Il nous donne maintenant à lire. Intitulée Auto Biographies, en deux mots et au pluriel, l’exposition qui sera visible jusqu’au 20 mai 2012 est composée autour de trois axes.
Le premier, évident, concerne les généalogies, le second tout aussi attendu, offre des témoignages sous forme de récits ou de fictions. Enfin, plus décalés, des systèmes et des inventaires témoignent de leur enracinement dans la vie de leurs auteurs.

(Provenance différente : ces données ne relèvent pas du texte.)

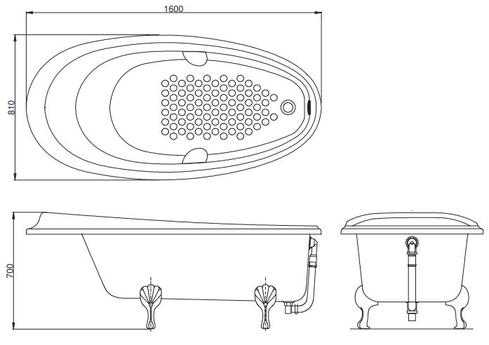 Bồn Tắm Ngọc Trai ToTo PPY1610HIPTE#S - chân đế mạ bạc, có tay vịn tiện lợi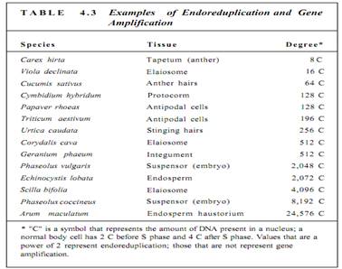 Gene amplification is similar to endoreduplication but involves only some genes that are repeatedly replicated. The amplified genes are those needed for the specialized metabolism of the mature cell. For example, as a protein-rich seed develops, its cells need large quantities of the messenger RNA that codes (or the storage protein, and those genes are amplified. But it would be a waste of energy and resources and deleterious to the plant to replicate all the other genes as well. The most extreme case of gene amplification known is in Arum maculatum (a relative of Philodendron): Each nucleus has enough DNA lor 24,576 copies of every gene. We do not know how many genes are being amplified and how many are present as only two copies per nucleus, so we cannot compute the actual number of copies of each amplified gene, but it is certainly more than 24,576.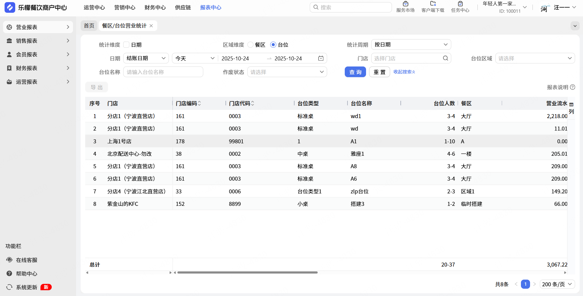 【报表】餐区/台位营业报表统计非台位POS点餐数据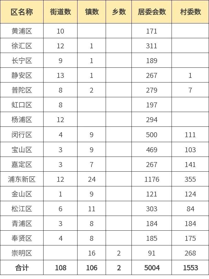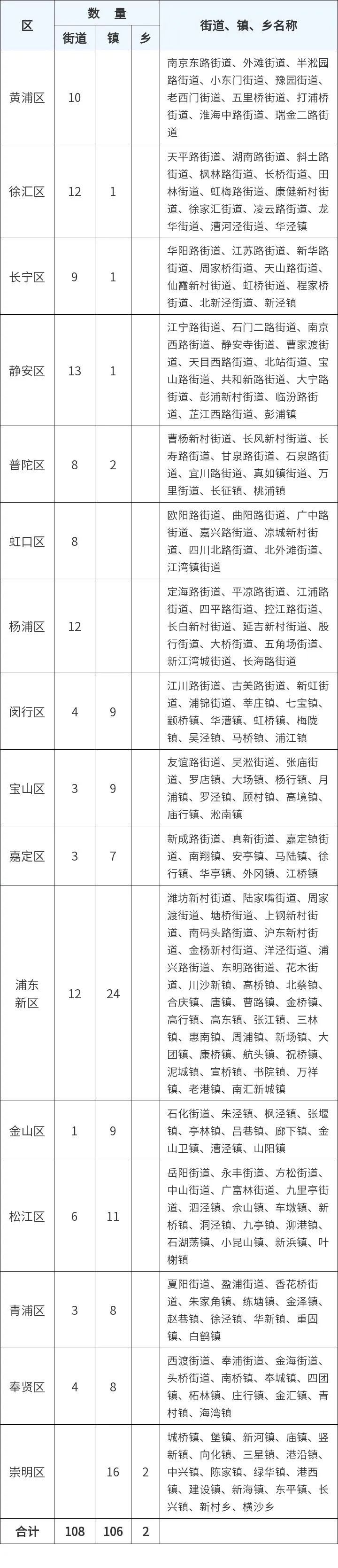 你知道上海现在有多少街道多少乡镇吗?市民政局公布最新上海行政区划名称表:截至2024年7月31日,全市16个区共有108个街道、106个镇、2个乡。所有街道、镇、乡名称详见↓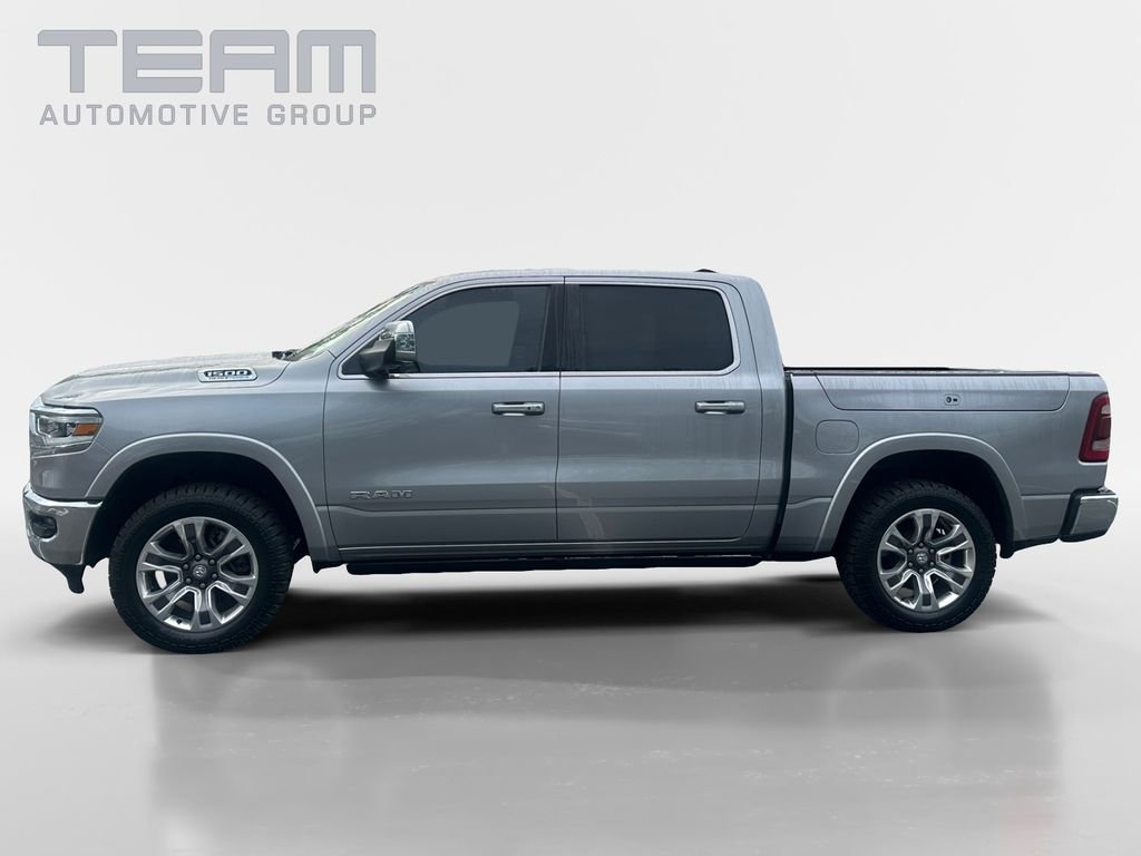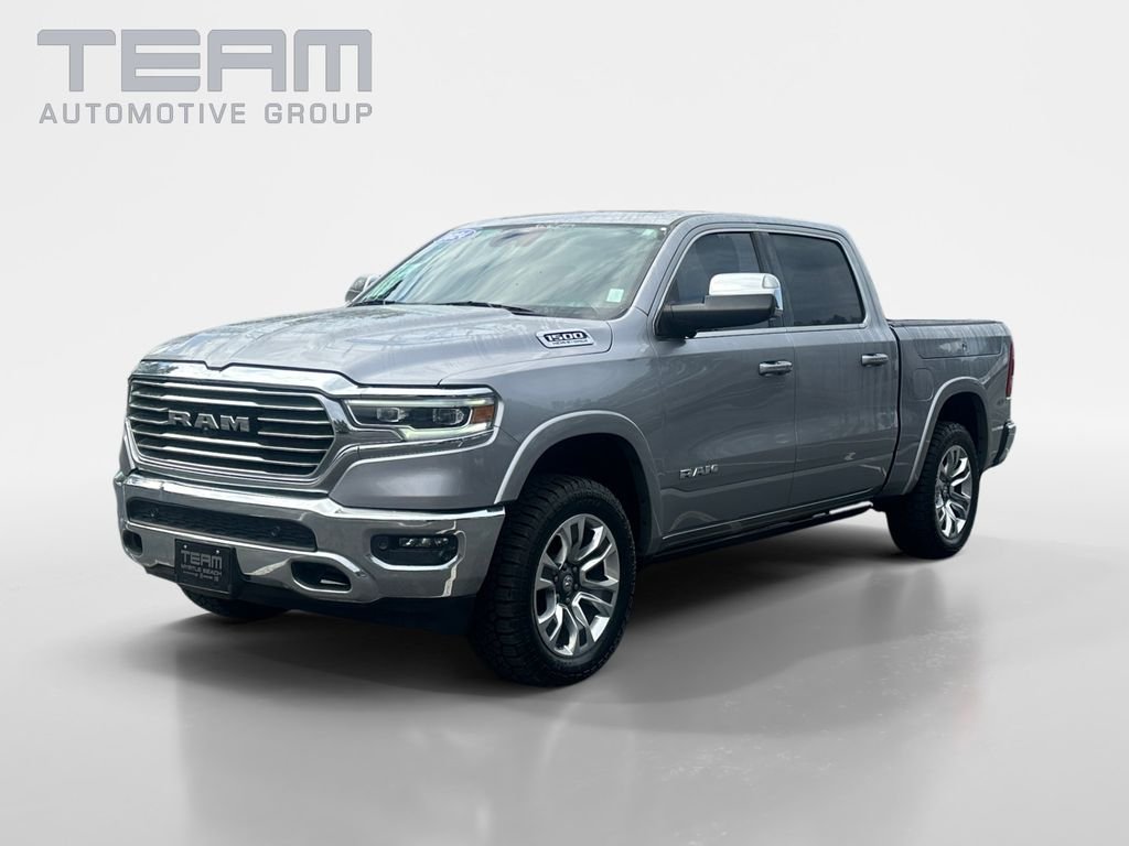 Billet Silver Metallic Clearcoat 2024 Ram 1500 Laramie Longhorn. Check out all these great options Longhorn Level 1 Equipment Group (Adaptive Cruise Control w/Stop & Go, Blind Spot & Cross Path Detection, Digital Rearview Mirror, harman/kardon 19 Speaker Premium Sound, Heads-Up Display, Lane Keep Assist, LED CHMSL Lamp, MOPAR Spray In Bedliner, Parallel & Perp Park Assist w/Stop, ParkSense Front/Rear Park Assist w/Stop, Pedestrian Emergency Braking, Pick-Up Box Lighting, Power Running Boards, Surround View Camera System, and Wireless Charging Pad), Quick Order Package 27K Longhorn, Trailer Tow Group (Trailer Brake Control, Trailer Light Check, Trailer Reverse Steering Control, and Trailer Tire Pressure Monitoring System), 10 Speakers, Driver Seat Memory, Exterior 115V AC Outlet, Exterior Mirrors w/Memory, Front dual zone A/C, Heated Front Seats, Heated Second Row Seats, ParkView Rear Back-Up Camera, Pedal memory, Power 4-Way Passenger Lumbar Adjust, Power 8-Way Driver & Passenger Seats, RamBox Cargo Management System, Remote keyless entry, Traction control, Ventilated Front Seats, Ventilated Rear Seats, Wheels: 20" x 9" Aluminum Painted/Polished, Wireless Charging Pad.

Ainsi, Sol Lewitt, né en 1927 aux États-Unis, a toujours eu pour habitude de présenter un travail très conceptuel. Il s’est rendu célèbre par ses œuvres minimalistes. Ce qui est montré ici n’est cette fois pas glacial. Bien que les clichés soient tous en noir et blanc. Fidèle à son goût pour les inventaires il avait décidé de photographier les objets du quotidien qui se trouvaient dans son atelier et son appartement new-yorkais. Ces objets « parlent d’eux-mêmes » instaurant donc une narration. Intitulée Autobiography, cette œuvre a fait l’objet d’un livre paru en 1980 et dont les pages sont reproduites sur le mur.
Dans la même pièce le calendrier d’On Kawara inventorie les jours où il a conçu ses « Date paintings ». L’artiste s’était fixé pour règle de ne jamais consacrer plus de 24 heures à une seule toile. On remarque que certains jours il a même pu en faire deux.
Juste à coté, les aquarelles d’Yvan Salomone, né à Saint-Malo en 1957, composent de grandes taches de couleur. Ce passionné des zones portuaires les photographie sans relâche. Le travail qui nous est montré est autobiographique en ce sens qu’Yvan peint uniquement d’après ses clichés, dans son atelier, jamais in situ, dans un unique format de 138 sur 95 centimètres. Les toiles proviennent de sa collection particulière. Elles ont été choisies et agencées par l’artiste, par ordre chronologique de 1991 à 2011, à raison d’une par an. C’est lui qui anime aussi la vitrine de la rue Bassano avec 15 autres tableaux de la même taille.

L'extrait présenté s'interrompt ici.